Otherwise, find the minimum impossible sum. Is it greater than S? If so, the answer is yes. Otherwise, the answer is no. (If the minimum is less than L, the array doesn't contain 1, and S-1 is an impossible sum.)
To find the lowest impossible sum, we sort the input, then find the lowest impossible sum of each prefix of the array. In Python:
def lowest_impossible_sum(nums):
nums = sorted(nums)
partial_sum = 0
for num in nums:
if num > partial_sum + 1:
return partial_sum + 1
partial_sum += num
return partial_sum + 1
Proof of correctness by induction:
Let A be the sorted array. If A[0] > 1, then 1 is the lowest impossible sum. Otherwise, the elements of A[:1] can produce all sums up to sum(A[:1]).

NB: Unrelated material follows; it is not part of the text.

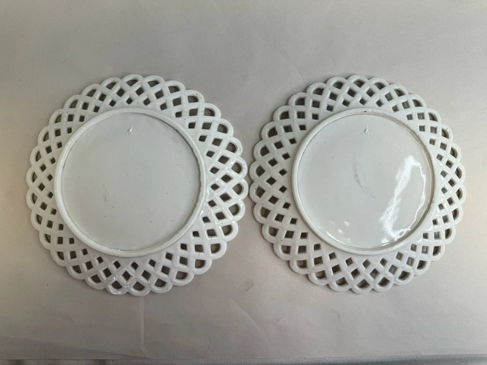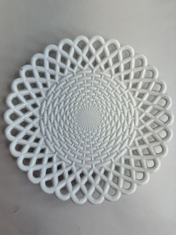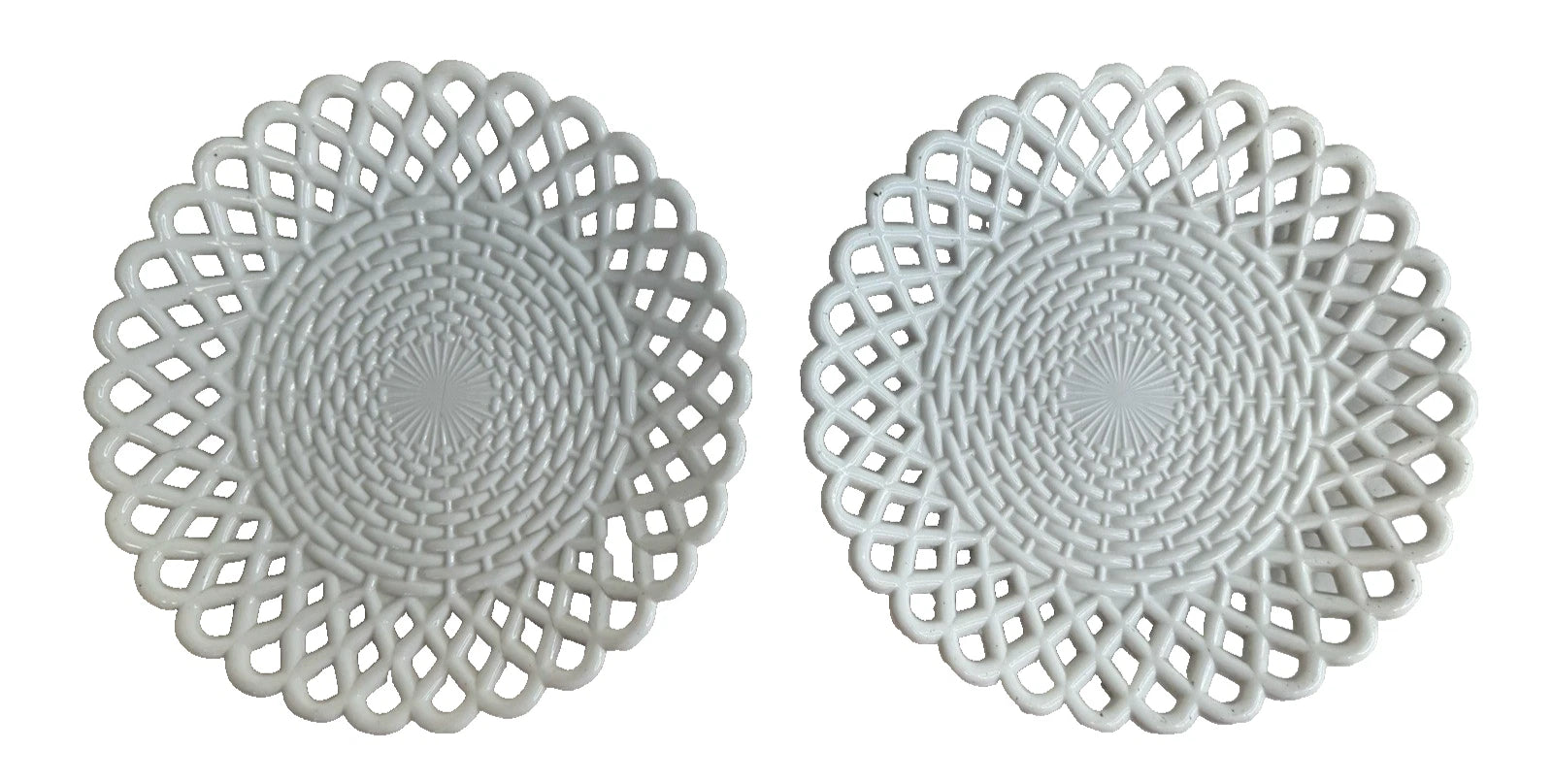 Sowerby Set x2 Milk Glass Woven Style White Plates 8.5”

Suppose for induction that subsets of A[:k] can be selected to produce all sums up to sum(A[:k]).
If A[k] > sum(A[:k]) + 1, then sum(A[:k]) + 1 is the lowest impossible sum; it can't be produced by a subset of A[:k], and adding elements that aren't in A[:k] won't help, as they're all too big.
If A[k] <= sum(A[:k]) + 1, then subsets of A[:k+1] can produce every sum up to sum(A[:k+1]). Every sum up to sum(A[:k]) can already be produced by the inductive hypothesis, and sums from sum(A[:k]) + 1 to sum(A[:k+1]) can be produced by selecting A[k] and a suitable subset of A[:k] adding up to what's left.
Let x be the first index such that A[x] > sum(A[:x]) + 1, or len(A) if there is no such index. By induction, every sum up to sum(A[:x]) is possible. However, whether because x is past the end of the array or because A[x] > sum(A[:x]) + 1, it is impossible to produce the sum sum(A[:x]) + 1. Thus, we need merely search for x and return sum(A[:x]) + 1. That is what the algorithm does.
First sort all elements in the array. If you want to get all the values between L and S from the elements of the array, then L = 1 and the elements should be in the form of 2^i . And the greatest element may not be of form 2^i because the sum need not be of the form (2^i - 1).